We are deploying our application docker image in AWS cloud using ArgoCD and kubernites. We have used protobuf 4.29.0 version. Please find the attached Gemfile.lock. lock_file.zip

manasaheggere avatar Dec 09 '24 12:12 manasaheggere

Hi @manasaheggere, thanks for sharing details around your architecture and your lock file.

We discussed this issue during the SIG and think we may need some additional logging around the exporter to try to get a better sense of what the data that's being rejected looks like. I have some code with extra logging I'd like you to add to your app.

I have two options for how you can add it:

  1. I created a branch I'd like you to use to install the OTLP exporter.

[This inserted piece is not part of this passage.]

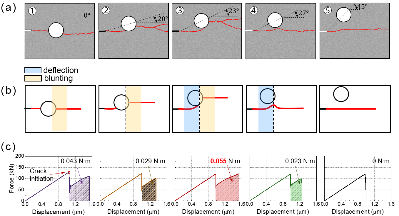 文章首先建立了基于离散元的非均质材料等效J积分计算框架(见图1),通过测量圆均匀化计算多尺度材料的路径无关J积分,实现复杂微结构影响下材料等效裂纹扩展阻力曲线的定量表征;进而分析了脆性材料中与孔洞相关的钝化钉扎和偏转钉扎,并通过调控孔洞与裂纹的相对位置激发不同增韧机制(见图2);最后通过引入随机分布微孔洞和周期分布微孔洞调控钉扎机制,从而控制裂纹扩展路径和等效断裂韧性,确定“增脆-增韧转变”和“最大增韧”的临界条件,并且将微孔洞钉扎机制推广应用于软硬双相异质材料设计,同样实现断裂性能的有效调控(见图3)。本文工作对于多尺度材料断裂性能等效均匀化、先进抗断裂材料和结构优化设计等具有重要意义。

To install it, update the line in your Gemfile for opentelemetry-exporter-otlp to:
gem 'opentelemetry-exporter-otlp', github: 'kaylareopelle/opentelemetry-ruby', branch: 'debug-unsigned-long-long', glob: 'exporter/otlp/*.gemspec'
  1. Alternatively, you can monkey patch your exporter by adding the code in this gist to your opentelemetry.rb file before you call OpenTelemetry::SDK.configure.

Could you run the exporter with the additional logging code in the environment where the error is raised and share the logs with us? Please remove any information that might be considered sensitive from the file before you post.

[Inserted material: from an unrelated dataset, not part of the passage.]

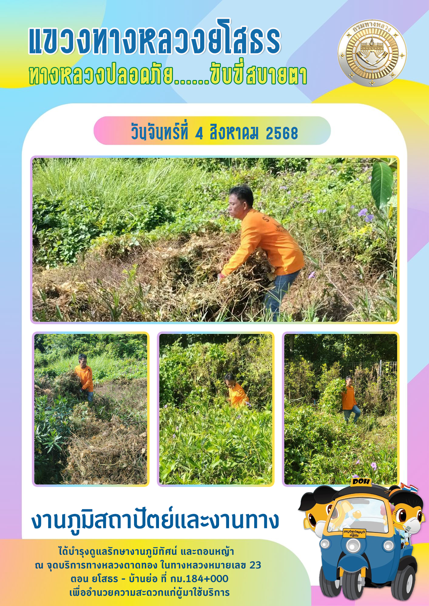 วันจันทร์ที่ 4 สิงหาคม 2568 งานภูมิสถาปัตย์และงานทาง ได้บำรุงดูแลรักษางานภูมิทัศน์ และถอนหญ้า ณ จุดบริการทางหลวงตาดทอง ในทางหลวงหมายเลข 23 ตอน ยโสธร - บ้านย่อ ที่ กม.184+000 เพื่ออำนวยความสะดวกแก่ผู้มาใช้บริการ

kaylareopelle avatar Dec 13 '24 01:12 kaylareopelle

Hi @arielvalentin

We are deploying our application docker image in AWS cloud using ArgoCD and kubernites.

We have used protobuf 4.29.0 version. Please find the attached Gemfile.lock.

lock_file.zip

What is the machine architecture? 32 or 64 bit?

arielvalentin avatar Dec 13 '24 03:12 arielvalentin

Hi @kaylareopelle

I have followed approach 1 and attached the screenshot of the loggers. I am seeing more logs similar to the loggers in screenshot, please let me know if any specific loggers is required to be shared. Screenshot 2024-12-18 at 5 13 54 PM

We are also getting one more error ERROR -- : OpenTelemetry error: unexpected configuration error due to attribute values must be (array of) strings, integers, floats, or booleans - OpenTelemetry::SDK::ConfigurationError - /home/circleci/.rubygems/gems/opentelemetry-sdk-1.6.0/lib/opentelemetry/sdk.rb:69:in rescue in configure'`

Hi @arielvalentin

Machine architecture is 64bit.

manasaheggere avatar Dec 18 '24 11:12 manasaheggere

Can you share your gem file.lock ?

arielvalentin avatar Dec 18 '24 13:12 arielvalentin

Hi @arielvalentin

Please find the attached Gemfile.lock gemfile_lock.zip

manasaheggere avatar Dec 19 '24 12:12 manasaheggere

Hi Team, Any luck on this fix ?

manasaheggere avatar Dec 26 '24 04:12 manasaheggere

We've run into the end of year holidays here so I don't think anyone has taken a closer look since that time.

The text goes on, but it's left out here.